- Exercise brief: Using the entries that follow, give only the number of lines with the word "Joseph" in them.

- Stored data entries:
BEGIN

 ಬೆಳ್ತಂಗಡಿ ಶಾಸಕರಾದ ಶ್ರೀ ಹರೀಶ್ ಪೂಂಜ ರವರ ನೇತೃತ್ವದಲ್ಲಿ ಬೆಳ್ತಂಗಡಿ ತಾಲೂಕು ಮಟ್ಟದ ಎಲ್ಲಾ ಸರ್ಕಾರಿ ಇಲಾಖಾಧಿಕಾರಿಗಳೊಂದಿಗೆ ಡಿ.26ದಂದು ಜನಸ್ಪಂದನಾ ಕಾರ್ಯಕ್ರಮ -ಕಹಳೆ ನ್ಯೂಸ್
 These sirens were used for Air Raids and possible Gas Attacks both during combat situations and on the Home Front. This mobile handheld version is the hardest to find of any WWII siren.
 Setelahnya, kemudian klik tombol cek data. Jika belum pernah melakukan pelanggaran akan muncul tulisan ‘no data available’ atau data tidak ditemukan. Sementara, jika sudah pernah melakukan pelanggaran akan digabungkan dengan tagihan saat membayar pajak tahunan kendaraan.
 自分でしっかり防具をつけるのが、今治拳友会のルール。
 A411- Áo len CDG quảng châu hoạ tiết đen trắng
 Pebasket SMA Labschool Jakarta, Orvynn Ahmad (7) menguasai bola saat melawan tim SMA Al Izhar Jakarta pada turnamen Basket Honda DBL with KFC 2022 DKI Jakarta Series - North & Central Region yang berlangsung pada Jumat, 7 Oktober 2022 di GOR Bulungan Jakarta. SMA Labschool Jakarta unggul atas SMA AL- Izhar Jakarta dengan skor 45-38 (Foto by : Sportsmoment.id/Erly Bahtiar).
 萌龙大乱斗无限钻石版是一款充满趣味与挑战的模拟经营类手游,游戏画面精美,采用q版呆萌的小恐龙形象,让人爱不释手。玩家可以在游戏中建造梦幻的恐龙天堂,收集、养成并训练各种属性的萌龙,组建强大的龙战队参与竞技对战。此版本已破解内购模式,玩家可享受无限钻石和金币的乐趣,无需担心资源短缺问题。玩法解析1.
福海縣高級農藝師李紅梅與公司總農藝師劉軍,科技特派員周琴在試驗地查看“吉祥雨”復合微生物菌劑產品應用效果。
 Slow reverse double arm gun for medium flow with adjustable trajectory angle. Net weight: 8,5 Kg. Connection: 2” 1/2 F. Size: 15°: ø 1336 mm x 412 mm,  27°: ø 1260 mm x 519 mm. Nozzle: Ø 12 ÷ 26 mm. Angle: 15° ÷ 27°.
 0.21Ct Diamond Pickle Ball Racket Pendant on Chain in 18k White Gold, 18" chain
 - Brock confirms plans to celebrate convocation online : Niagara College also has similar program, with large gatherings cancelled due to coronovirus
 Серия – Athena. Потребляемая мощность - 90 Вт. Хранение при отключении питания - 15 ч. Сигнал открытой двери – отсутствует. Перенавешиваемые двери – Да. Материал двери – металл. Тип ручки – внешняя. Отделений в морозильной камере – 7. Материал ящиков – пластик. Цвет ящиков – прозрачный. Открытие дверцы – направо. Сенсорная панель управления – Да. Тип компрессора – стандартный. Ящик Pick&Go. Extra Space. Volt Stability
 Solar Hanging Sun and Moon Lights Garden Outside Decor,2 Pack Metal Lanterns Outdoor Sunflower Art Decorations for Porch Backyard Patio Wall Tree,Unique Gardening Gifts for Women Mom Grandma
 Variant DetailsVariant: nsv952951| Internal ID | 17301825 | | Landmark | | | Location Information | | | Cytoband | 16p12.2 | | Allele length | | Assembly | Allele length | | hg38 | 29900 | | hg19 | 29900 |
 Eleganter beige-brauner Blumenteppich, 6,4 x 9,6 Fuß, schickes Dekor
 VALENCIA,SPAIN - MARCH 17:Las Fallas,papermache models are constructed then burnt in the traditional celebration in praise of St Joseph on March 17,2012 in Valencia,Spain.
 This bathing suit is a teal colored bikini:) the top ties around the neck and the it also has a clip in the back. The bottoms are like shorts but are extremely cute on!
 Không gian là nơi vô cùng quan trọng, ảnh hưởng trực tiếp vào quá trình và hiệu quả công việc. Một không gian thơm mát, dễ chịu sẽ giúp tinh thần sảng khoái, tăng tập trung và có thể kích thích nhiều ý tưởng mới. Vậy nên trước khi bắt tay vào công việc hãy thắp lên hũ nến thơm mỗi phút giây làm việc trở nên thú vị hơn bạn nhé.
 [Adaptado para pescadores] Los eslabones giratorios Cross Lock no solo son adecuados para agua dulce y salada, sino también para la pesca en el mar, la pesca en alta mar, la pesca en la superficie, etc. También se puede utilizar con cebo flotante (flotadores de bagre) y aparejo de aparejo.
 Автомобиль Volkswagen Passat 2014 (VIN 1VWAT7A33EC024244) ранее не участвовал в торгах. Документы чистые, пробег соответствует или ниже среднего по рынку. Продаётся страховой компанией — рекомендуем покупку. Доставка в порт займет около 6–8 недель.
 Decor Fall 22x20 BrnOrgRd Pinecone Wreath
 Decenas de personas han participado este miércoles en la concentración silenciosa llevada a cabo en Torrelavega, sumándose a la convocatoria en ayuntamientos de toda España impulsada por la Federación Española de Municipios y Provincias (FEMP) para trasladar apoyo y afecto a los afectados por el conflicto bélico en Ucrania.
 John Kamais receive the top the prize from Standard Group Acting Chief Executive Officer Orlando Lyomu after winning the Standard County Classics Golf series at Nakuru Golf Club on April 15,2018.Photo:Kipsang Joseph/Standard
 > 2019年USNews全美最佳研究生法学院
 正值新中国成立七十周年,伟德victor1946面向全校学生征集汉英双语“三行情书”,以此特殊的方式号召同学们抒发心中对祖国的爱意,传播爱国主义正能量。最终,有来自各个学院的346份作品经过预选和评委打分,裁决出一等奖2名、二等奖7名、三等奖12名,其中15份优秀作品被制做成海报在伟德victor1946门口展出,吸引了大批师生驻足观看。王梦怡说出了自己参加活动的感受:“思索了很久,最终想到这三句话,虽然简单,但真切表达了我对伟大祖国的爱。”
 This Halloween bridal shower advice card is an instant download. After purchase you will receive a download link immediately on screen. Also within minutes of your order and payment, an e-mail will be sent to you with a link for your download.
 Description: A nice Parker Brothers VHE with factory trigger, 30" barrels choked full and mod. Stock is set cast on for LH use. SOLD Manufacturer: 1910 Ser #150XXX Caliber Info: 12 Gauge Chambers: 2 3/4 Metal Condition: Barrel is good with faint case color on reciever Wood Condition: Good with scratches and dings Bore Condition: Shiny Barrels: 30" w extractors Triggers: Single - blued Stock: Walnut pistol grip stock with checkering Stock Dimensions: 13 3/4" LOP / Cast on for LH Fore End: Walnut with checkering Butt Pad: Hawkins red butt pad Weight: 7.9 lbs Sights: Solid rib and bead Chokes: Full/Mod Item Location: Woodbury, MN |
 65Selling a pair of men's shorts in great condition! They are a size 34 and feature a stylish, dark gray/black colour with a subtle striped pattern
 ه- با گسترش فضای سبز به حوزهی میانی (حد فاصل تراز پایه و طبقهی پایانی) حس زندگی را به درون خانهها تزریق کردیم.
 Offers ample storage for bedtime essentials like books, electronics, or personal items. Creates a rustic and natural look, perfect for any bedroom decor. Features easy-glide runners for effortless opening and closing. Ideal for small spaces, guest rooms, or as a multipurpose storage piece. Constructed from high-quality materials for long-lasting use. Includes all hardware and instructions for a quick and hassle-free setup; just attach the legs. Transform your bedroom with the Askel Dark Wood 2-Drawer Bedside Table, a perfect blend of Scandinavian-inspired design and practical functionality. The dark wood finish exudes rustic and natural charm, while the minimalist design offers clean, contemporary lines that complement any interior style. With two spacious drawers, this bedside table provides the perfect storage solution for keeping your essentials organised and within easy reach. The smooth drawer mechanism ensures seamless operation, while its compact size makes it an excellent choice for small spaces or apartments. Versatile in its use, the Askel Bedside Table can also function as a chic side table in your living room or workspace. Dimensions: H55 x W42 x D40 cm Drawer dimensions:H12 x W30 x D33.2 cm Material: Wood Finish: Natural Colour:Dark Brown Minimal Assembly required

END

- Result below: 2